Decided: February 11, 1971.

SCOTT E. OATES, PLAINTIFF,
v.
EASTERN BERGEN COUNTY MULTIPLE LISTING SERVICE, INC., DEFENDANT



Lynch, J.s.c.

Lynch

[113 NJSuper Page 373] Plaintiff, a real estate broker with offices in Englewood, Bergen County, New Jersey, sues to compel defendant Eastern Bergen County Multiple Listing Service, Inc. (MLS) to admit him as a member of its multiple listing

service*fn1 He is a Negro.*fn2 He charges that in barring him from membership defendant is engaging in an illegal combination in restraint of trade. At the outset he points to the decision in Grillo v. Bd. of Realtors of Plainfield Area , 91 N.J. Super. 202 (Ch. Div. 1966), wherein it was held that the defendant multiple listing service there involved was an illegal combination.

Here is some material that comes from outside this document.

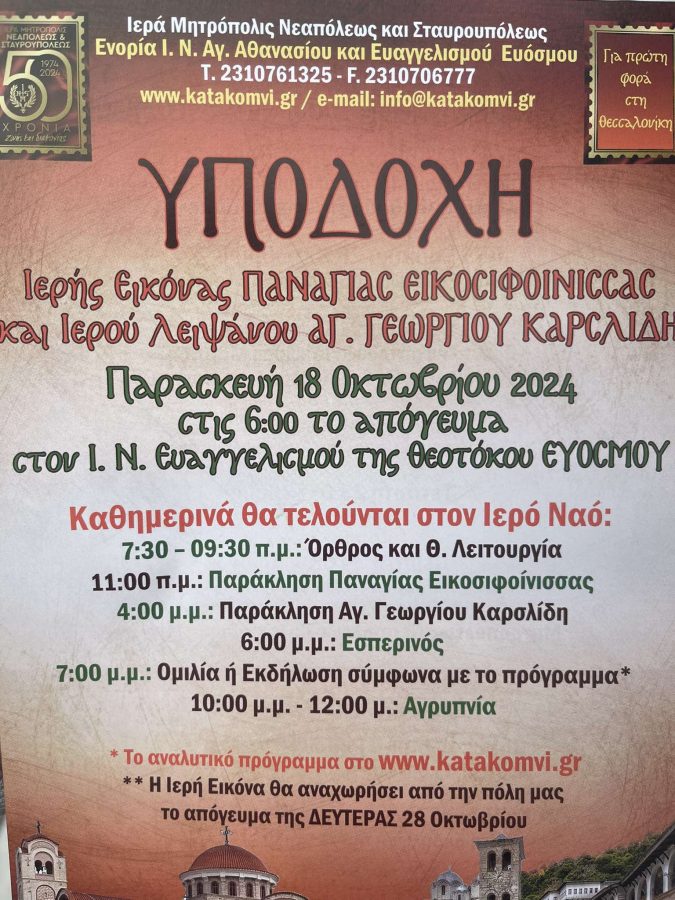 Πλήθος κόσμου βρίσκεται στον Ι.Ν Ευαγγελισμού της Θεοτόκου στον Εύοσμο, για να χαιρετίσει και να πάρει την ευλογία από την ιερή εικόνα της Παναγίας Εικοσιφοίνισσας και τα λείψανα του Αγίου Γεωργίου του Καρσλίδη.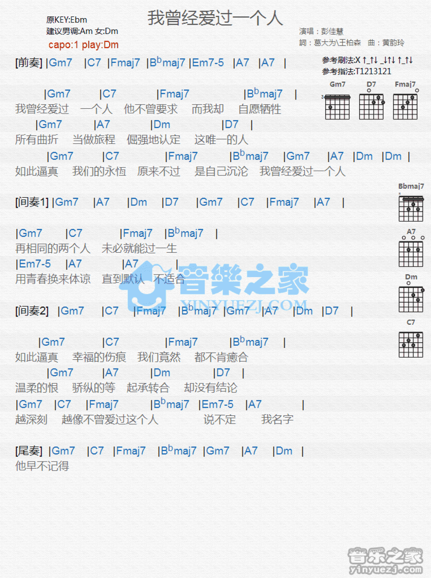 我曾经爱过一个人吉他谱 - 彭佳慧 - D调吉他弹唱谱 - 和弦谱

Although this case was instituted, tried and briefed on common law principles with respect to restraints of trade, we must also consider the recently enacted New Jersey Antitrust Act (N.J.S.A. 56:9-1 et seq.) which became effective May 21, 1970. The acts here complained of all began before the effective date of this statute. But they are of a continuing nature. Therefore the court is constrained to decide this case in the context of the New Jersey Antitrust Act, as well as under the applicable common law principles.

I

THE MULTIPLE LISTING SERVICE

The benefits of a multiple listing service to a member are substantial. They are described in 52 Cornell L.Q. 570, in a note on the Grillo case.*fn3 See also Grillo, supra , at 222. In

addition, a multiple listing service may also improve competition by making properties available to more brokers than those who have actually acquired the listings.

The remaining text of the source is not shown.